Trainspotting 2 by Leonard Buschel

MOVIE REVIEW

 

Trainspotting 2
by Leonard Buschel

 

Danny Boyle’s Trainspotting is an iconic film of the 1990’s.  That isn’t something you can plan in advance.  The right film, at the right time, in the right style, becomes a manifestation of both the glory and mystery of cinema.

There is no way of knowing what efforts of experimentation/exploitation will catch “lightning in a bottle” and become more than merely another film at the multiplex. Cinema history spotlights the important, unexpected hits that came out of the blue to command the silver screen and capture a generation’s imagination.

Trainspotting is a rarity, even today. As film critic David Edelstein wrote: “No one before Boyle had combined such zany hijinks with so bleak and grotty a milieu. The young cast was magnetic, the storytelling playful, and the tone closer to American Pie than Drugstore Cowboy.”

 Despite the tragic circumstances, gut wrenching addictions, and even a baby dying from parental neglect, patrons came out of the theatre energized and upbeat. Amazing.

Now, twenty years later, comes the sequel:  same cast, same director, same cinematic skill and detailed creativity in each image, but it is not an attempt to be the same film nor capture the same attitude.  Critical response ranges from overwhelmingly positive (“More fun than a barrel of junkies”) to lukewarm appreciation.

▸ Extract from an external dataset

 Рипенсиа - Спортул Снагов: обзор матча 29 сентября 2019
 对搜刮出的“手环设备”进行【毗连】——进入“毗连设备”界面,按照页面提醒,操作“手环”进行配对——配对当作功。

Hey, it’s twenty years later and the exuberant “F-you” attitude of those rowdy youths with the on and off attempts to kick heroin is replaced by middle aged angst, coming to terms with lost youth, and the never-ending propensity for devastation resultant from regarding Heroin as your best friend.

Addiction, while not the centerpiece of the film, plays an omnipresent influence. We know these main characters were all on smack twenty years ago, so where are they now? Spud is still shooting, Sick Boy is snorting coke instead, Renton is clean, and maniacal Digby is just flat out dangerous if not doughy.

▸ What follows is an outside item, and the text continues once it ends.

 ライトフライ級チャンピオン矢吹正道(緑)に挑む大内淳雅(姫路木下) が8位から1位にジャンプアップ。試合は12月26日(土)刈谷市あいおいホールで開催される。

 With the singular exception of Godfather II, sequels are born to disappoint. Easy Rider, another film with drugs-a-plenty, had a sequel made by a guy in Ohio that never played in theaters, went direct to DVD, and remains virtually unknown. Psycho, the almost abandoned Hitchcock film became an unexpected box-office killer in 1960. It also birthed a sequel twenty year after the original, then Psycho 3, a made for TV Psycho IV, and most recently the popular Bates Motel prequel TV series.

Don’t count on Trainspotting 3.  Then again, in twenty years the Rolling Stones may be launching their “Steel Wheelchairs Tour.”